§ The records:
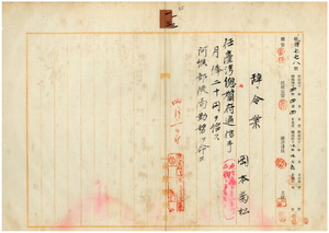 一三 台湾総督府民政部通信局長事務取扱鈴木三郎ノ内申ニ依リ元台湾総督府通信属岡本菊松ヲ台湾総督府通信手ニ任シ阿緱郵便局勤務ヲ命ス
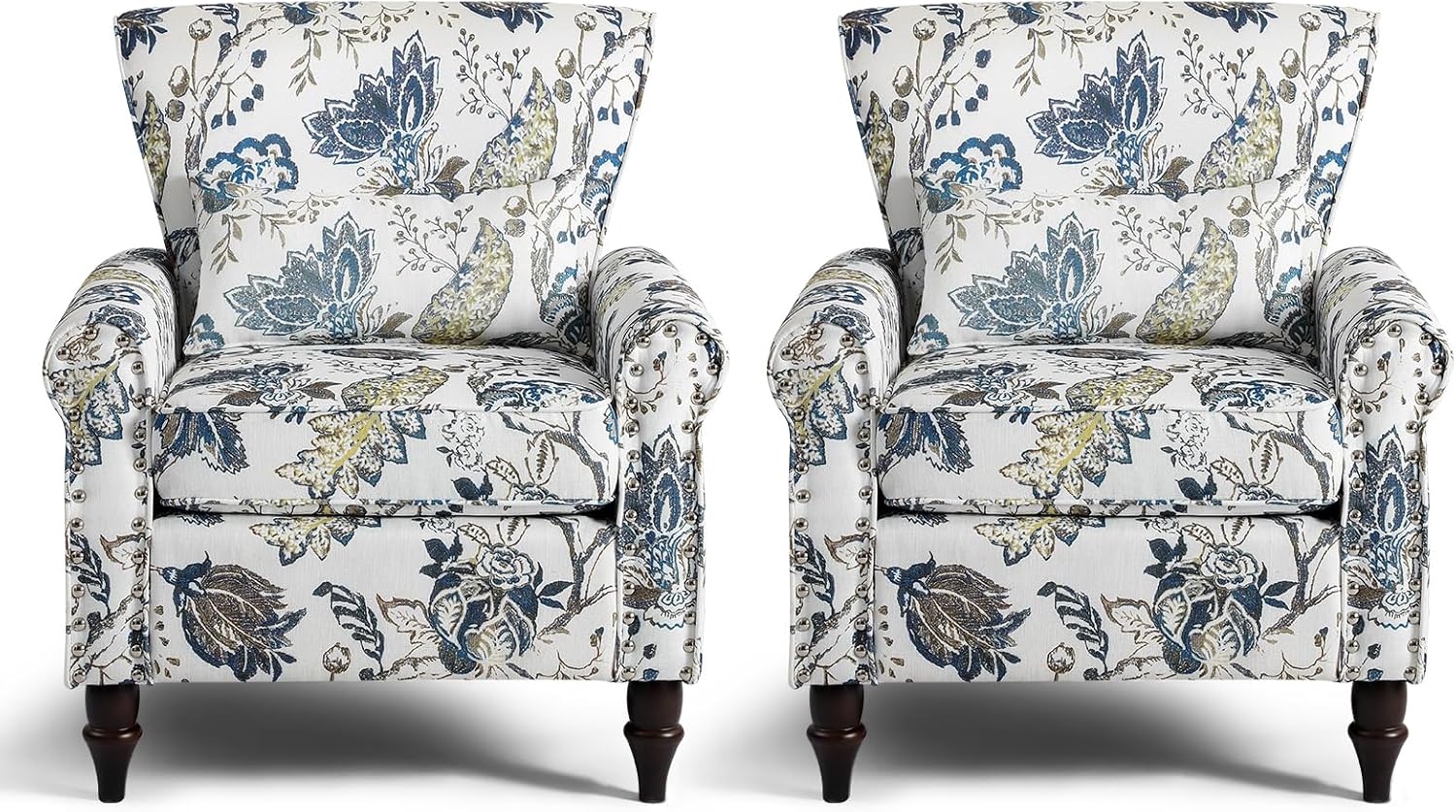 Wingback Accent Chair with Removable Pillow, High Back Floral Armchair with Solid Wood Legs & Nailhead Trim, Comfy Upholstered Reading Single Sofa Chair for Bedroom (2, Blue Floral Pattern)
--
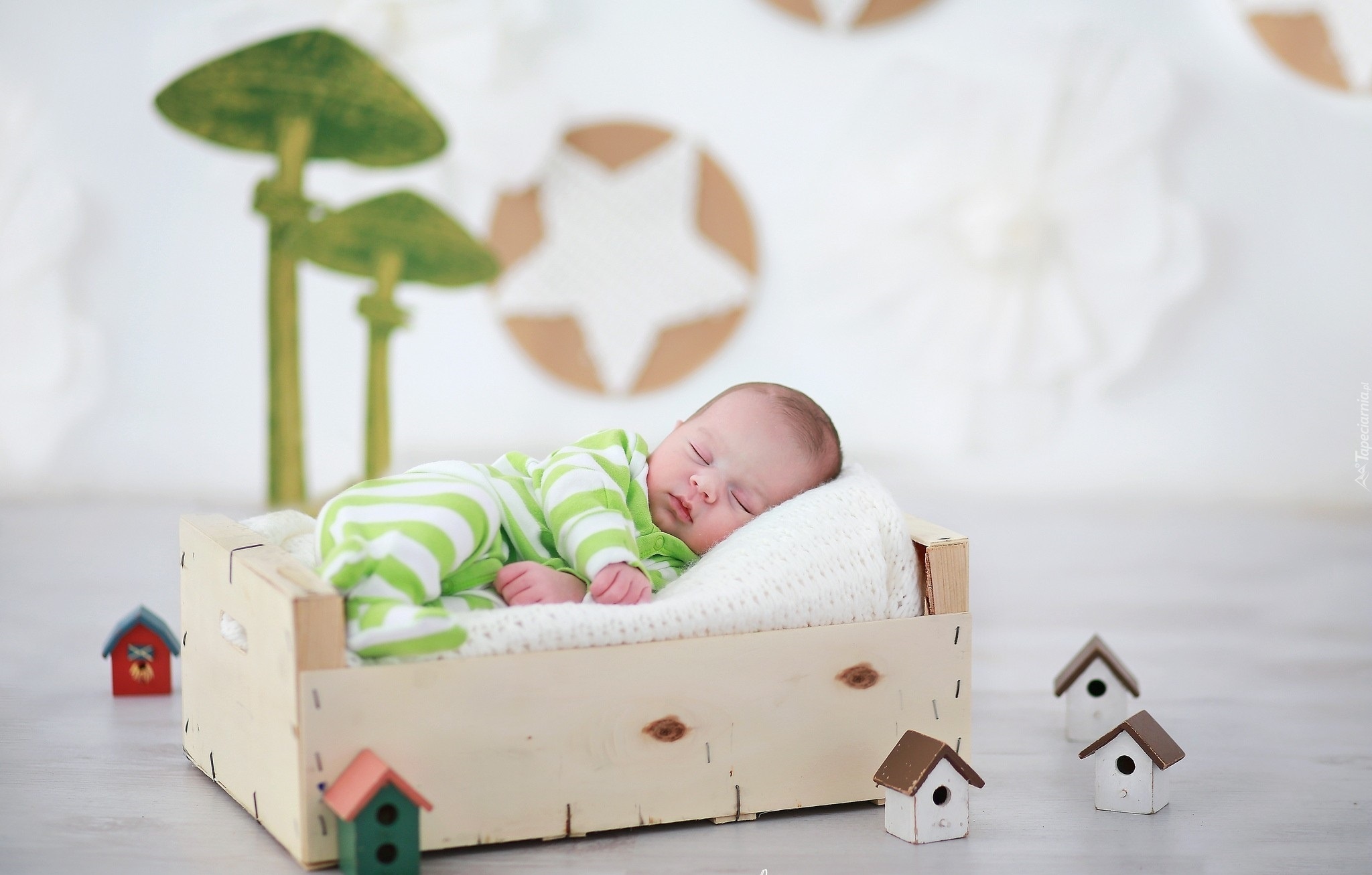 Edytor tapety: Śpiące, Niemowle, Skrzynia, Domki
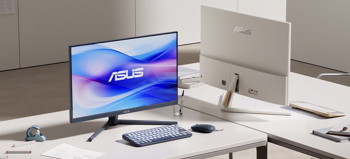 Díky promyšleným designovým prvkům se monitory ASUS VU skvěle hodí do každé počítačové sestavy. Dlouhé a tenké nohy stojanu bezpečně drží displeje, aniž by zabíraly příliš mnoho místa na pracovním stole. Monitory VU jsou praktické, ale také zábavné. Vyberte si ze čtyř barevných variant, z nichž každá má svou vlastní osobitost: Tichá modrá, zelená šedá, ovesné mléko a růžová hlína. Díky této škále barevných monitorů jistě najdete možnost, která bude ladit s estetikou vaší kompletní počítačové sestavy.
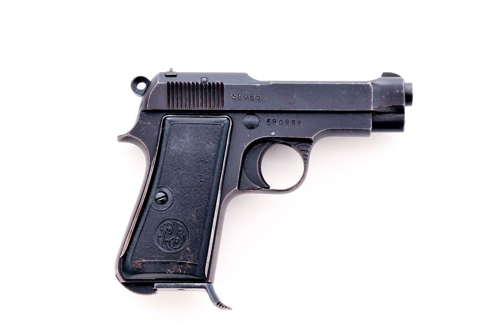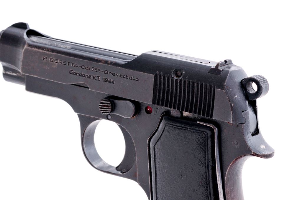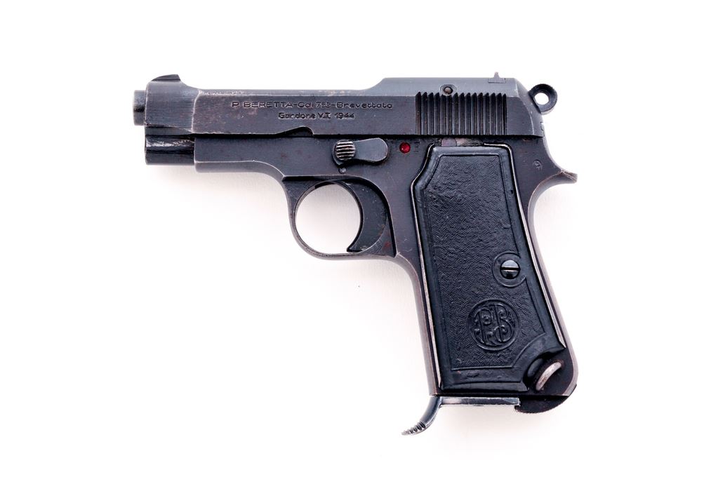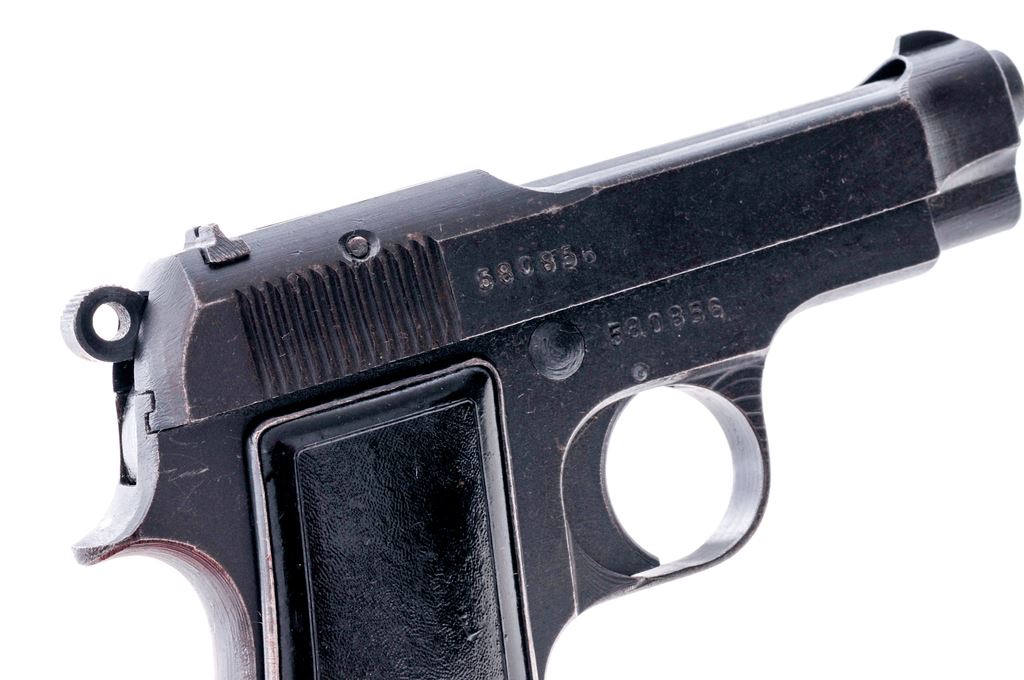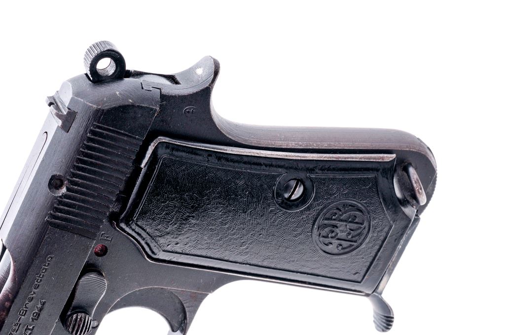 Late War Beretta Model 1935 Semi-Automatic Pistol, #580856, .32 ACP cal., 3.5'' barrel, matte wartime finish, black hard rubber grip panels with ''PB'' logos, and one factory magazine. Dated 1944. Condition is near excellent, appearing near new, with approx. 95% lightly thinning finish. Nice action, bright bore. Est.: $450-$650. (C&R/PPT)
---
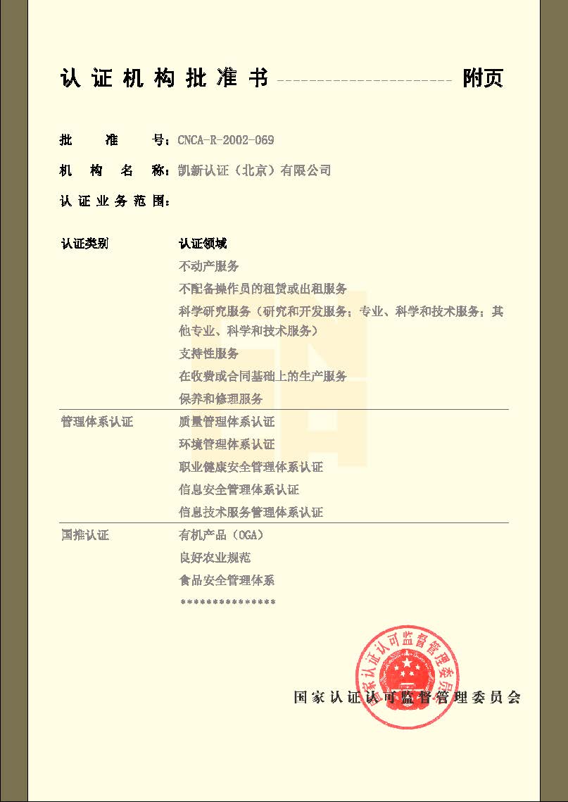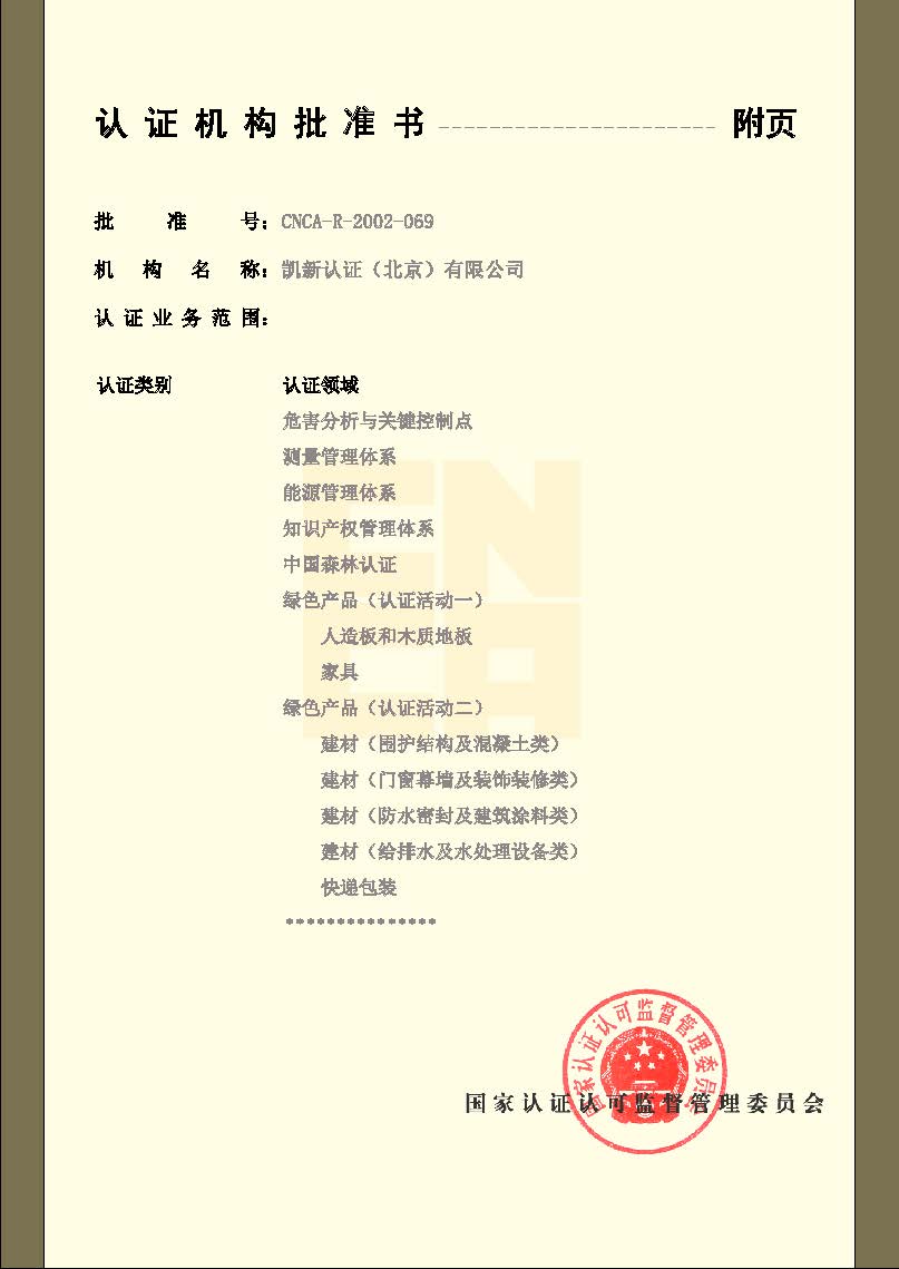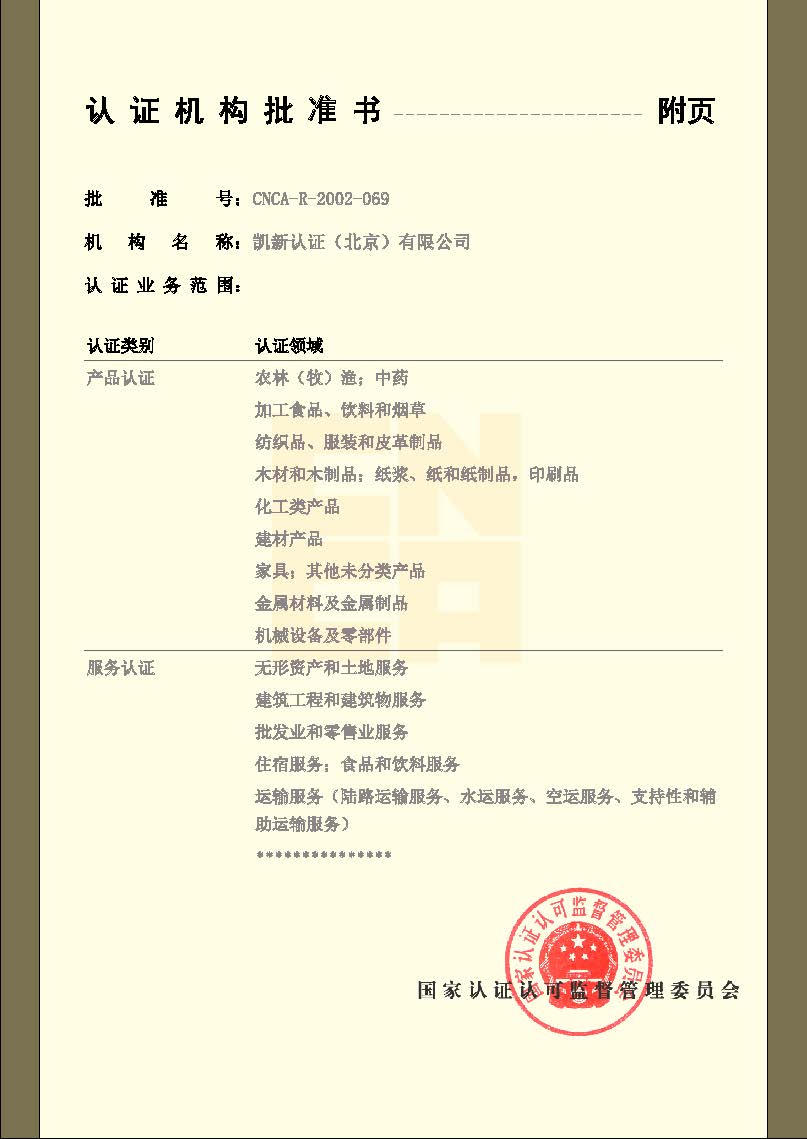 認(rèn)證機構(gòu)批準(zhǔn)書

§ Task prompt: Using the data above, set down each line from the line with "Díky promyšleným designovým" to the line with "Late War Beretta" exactly, both ends included, and leave the pictures behind. Nothing else belongs.

§ Response:
 Díky promyšleným designovým prvkům se monitory ASUS VU skvěle hodí do každé počítačové sestavy. Dlouhé a tenké nohy stojanu bezpečně drží displeje, aniž by zabíraly příliš mnoho místa na pracovním stole. Monitory VU jsou praktické, ale také zábavné. Vyberte si ze čtyř barevných variant, z nichž každá má svou vlastní osobitost: Tichá modrá, zelená šedá, ovesné mléko a růžová hlína. Díky této škále barevných monitorů jistě najdete možnost, která bude ladit s estetikou vaší kompletní počítačové sestavy.
 Late War Beretta Model 1935 Semi-Automatic Pistol, #580856, .32 ACP cal., 3.5'' barrel, matte wartime finish, black hard rubber grip panels with ''PB'' logos, and one factory magazine. Dated 1944. Condition is near excellent, appearing near new, with approx. 95% lightly thinning finish. Nice action, bright bore. Est.: $450-$650. (C&R/PPT)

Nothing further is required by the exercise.